Random sampling involves selecting elements from the knowledge domain such that each element has an equal probability of being chosen. This method promises a comprehensive, holistic and unbiased representation of the domain and it particularly useful where a broad understanding of strengths and weaknesses of the class is needed.
If you as the teacher randomly sampled, by picking assessment tasks out of a hat, it would minimise any bias you may have in topic selection that may unfairly favour some students over others. This may be particularly useful, for example, if you want to ensure fairness across classes where you have taught some but not others. However, this breadth of coverage might come at the cost of depth, potentially leading to a superficial understanding of each topic. This is more of a problem in knowledge domains where we need to set relatively few, longer assessment tasks to assess knowledge of more complex concepts.
Cluster sampling involves selecting specific clusters or sections of the knowledge domain for in-depth analysis. This approach enables a detailed exploration of certain areas, which may be essential where we need to introduce context specific prompts to inform the assessment or where the knowledge architecture best suits extended time tasks such as essays.
Clearly, whilst this approach is optimal in many circumstances, it does affect the validity of the assessment. By purposefully selecting certain clusters of the knowledge domain over others, there is a potential for bias where students with particular strengths are unfairly disadvantaged and their performance on the assessment does not reflect the overall strength of their attainment across the assessment’s scope. In general, it makes assessing the validity of inference more challenging. If we set students an end of Year 8 history assessment and ask them to revise the entire curriculum, and yet in the exam we pick just one topic, to what extent can we legitimately infer how well they are likely to know history across the parts of the curriculum we did not assess?

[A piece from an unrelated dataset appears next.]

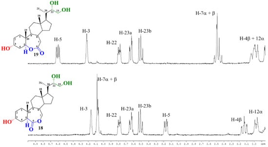 Similar analyses were performed to determine the structure of compounds 18 and 19. In Figure 7 are shown parts of 1H-NMR spectra of compounds 18 and 19 where the major differences in chemical shift of protons H-5 and H-7 are observed for both molecules. For example, H-5 in compound 18 (7-oxalactone) appears at higher field (δH = 3.17 ppm) than in compound 19 (6-oxalactone) (δH = 4.60 ppm) (Figure 7). Similarly, H-7α and β in compound 18 are observed at downfield (δH = 4.08–4.07, m, 2H), while in 6-oxalactone 19 these H-atoms are displaced to high field (δH = 2.53–2.43, m, 2H) (Figure 7).

In assessment, we are usually trying to generalise about performance beyond the tasks we set, but reliability is likely to diminish the more we reach beyond the domain of tasks assessed.
While each method has its merits, combining them can be advantageous. A strategy that employs initial random sampling to ensure broad coverage, followed by cluster sampling for an in-depth exploration of certain areas, can provide a well-rounded assessment approach.
In this post, we have considered two important factors in assessment design: scope and sampling. Deciding what is in scope for an assessment is to make value judgements about the relative importance of subject content. Deciding how to sample from this domain is about validity of the inferences you will later make about pupils’ attainment.
There is one more decision to make, which is what type of questions and tasks will serve your purposes best. We will turn to this question in a future post.
If a test is just to be used within a school, and students have access to past papers and use this to revise, I believe there is another important aspect that you haven't mentioned (I think). I believe it is preferable to ensure that the syllabus from which the tests sample is fully covered over the course of tests over multiple years. This is because the content of past assessments influences students (and teachers) perception of what is within the syllabus and their future behaviour. Therefore this approach discourages gambling on only revising certain elements within the syllabus, as well as ensures that past papers comprehensively cover the syllabus and are more effective as a future exam preparation resource. Obviously over many years this would presumably be more or less okay with random sampling anyway, but I think it is worth being purposeful about.